US9802404B2ActiveUtilityPatentIndex 69
Chip layout to enable multiple heater chip vertical resolutions
Est. expiryAug 28, 2034(~8.1 yrs left)· nominal 20-yr term from priority
B41J 2/1648B41J 2/1631B41J 2/14427B41J 2/1629B41J 2/1632B41J 2/1628B41J 2/1603B41J 2/14129B41J 2202/13B41J 2/14072
69
PatentIndex Score
2
Cited by
14
References
17
Claims
Abstract
A method of printing, including providing a fluid ejection device that includes a substrate, a plurality of drive units formed on the substrate, each drive unit including at least two drive elements electrically coupled in parallel, and a plurality of fluid ejection elements disposed on the substrate, each fluid ejection element of the plurality of fluid ejection elements electrically coupled with a single respective drive unit.
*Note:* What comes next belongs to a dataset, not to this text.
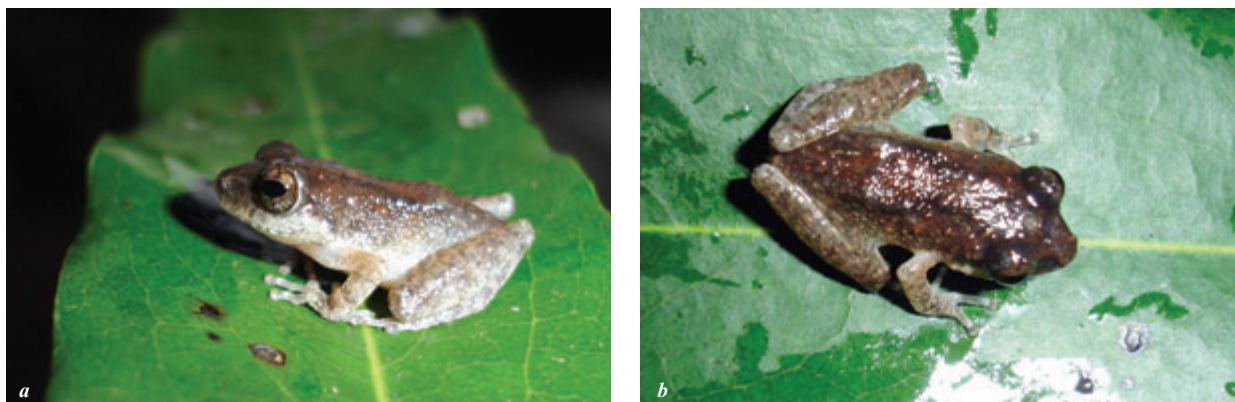
Fig. 1. Philautus regius . a , Mature male (lateral view), Nilgala forest in Sri Lanka (not collected); b , regius . Mature female (dorsal view), Nilgala forest in Sri Lanka (not collected).

Electrical power is selectively supplied via the plurality of drive units to the plurality of fluid ejection elements to cause fluid to be expelled from the fluid ejection device based on image data.
Claims
exact text as granted — not AI-modifiedThe invention claimed is:
1. A method of printing, comprising:
providing a fluid ejection device comprising:
a substrate;
a plurality of drive units formed on the substrate, each drive unit comprising at least two drive elements electrically coupled in parallel; and
a plurality of fluid ejection elements disposed on the substrate; and
selectively supplying electrical power via the plurality of drive units to the plurality of fluid ejection elements to cause fluid to be expelled from the fluid ejection device based on image data,
wherein each of the plurality of drive units is electrically coupled with a corresponding single respective fluid ejection element.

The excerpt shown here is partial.